TASK TO CARRY OUT:
Pictures within the data are to be left out; everything else must be reproduced exactly.

AVAILABLE DATA:

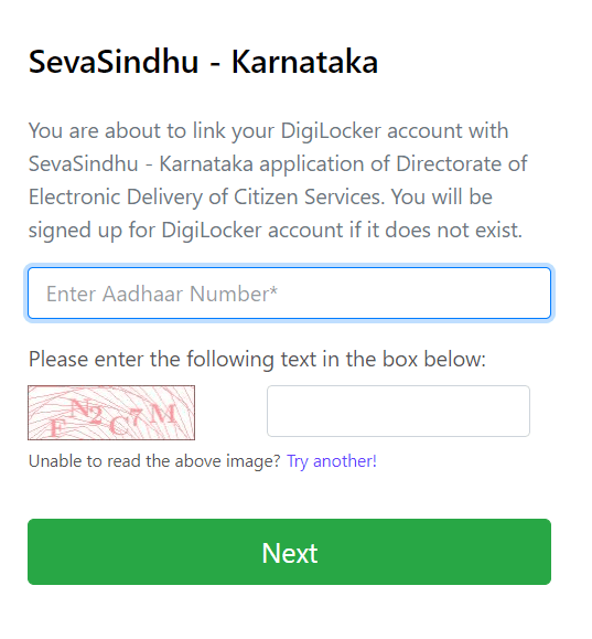 - ಇಲ್ಲಿ ನೀವು ಆಧಾರ್ ಸಂಖ್ಯೆ, ಕ್ಯಾಪ್ಚಾವನ್ನು ನಮೂದಿಸಬಹುದು ಮತ್ತು “Next” ಬಟನ್ ಕ್ಲಿಕ್ ಮಾಡಬಹುದು. ನಂತರ ನೀವು ನಿಮ್ಮ ಆಧಾರ್ ಲಿಂಕ್ ಮಾಡಿದ ಮೊಬೈಲ್ ಸಂಖ್ಯೆಗೆ ಸ್ವೀಕರಿಸಿದ OTP ಅನ್ನು ನಮೂದಿಸಬೇಕಾಗುತ್ತದೆ.
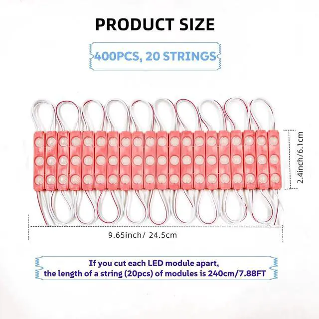 400 Pcs LED Module PINK light 1.5W LED Storefront Lights 12V DC LED Module Light with Tape Adhesive Backside for Inflatables Decorative Christmas Letter Advertising Signs
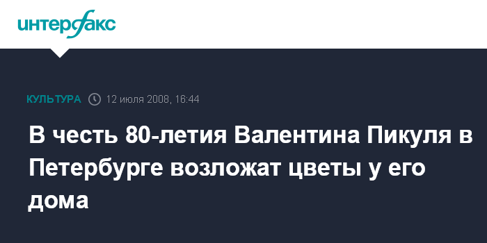 Как сообщил "Интерфаксу" председатель Санкт-Петербургского регионального отделения общероссийского движения поддержки флота Олег Стенько, в этот день вдова В.Пикуля Антонина Пикуль и депутаты Законодательного собрания Санкт-Петербурга возложат цветы к мемориальной доске у дома по 4-ой Красноармейской улице, 16, где жил писатель.
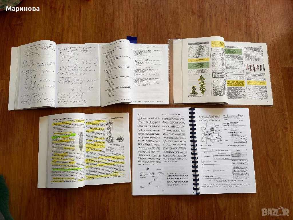 Учебниците са почти чисто нови, с малко подчертавано в тях. Учебникът по математика е решен е с решени задачи.

EXERCISE RESULT:
 - ಇಲ್ಲಿ ನೀವು ಆಧಾರ್ ಸಂಖ್ಯೆ, ಕ್ಯಾಪ್ಚಾವನ್ನು ನಮೂದಿಸಬಹುದು ಮತ್ತು “Next” ಬಟನ್ ಕ್ಲಿಕ್ ಮಾಡಬಹುದು. ನಂತರ ನೀವು ನಿಮ್ಮ ಆಧಾರ್ ಲಿಂಕ್ ಮಾಡಿದ ಮೊಬೈಲ್ ಸಂಖ್ಯೆಗೆ ಸ್ವೀಕರಿಸಿದ OTP ಅನ್ನು ನಮೂದಿಸಬೇಕಾಗುತ್ತದೆ.
 400 Pcs LED Module PINK light 1.5W LED Storefront Lights 12V DC LED Module Light with Tape Adhesive Backside for Inflatables Decorative Christmas Letter Advertising Signs
 Как сообщил "Интерфаксу" председатель Санкт-Петербургского регионального отделения общероссийского движения поддержки флота Олег Стенько, в этот день вдова В.Пикуля Антонина Пикуль и депутаты Законодательного собрания Санкт-Петербурга возложат цветы к мемориальной доске у дома по 4-ой Красноармейской улице, 16, где жил писатель.
 Учебниците са почти чисто нови, с малко подчертавано в тях. Учебникът по математика е решен е с решени задачи.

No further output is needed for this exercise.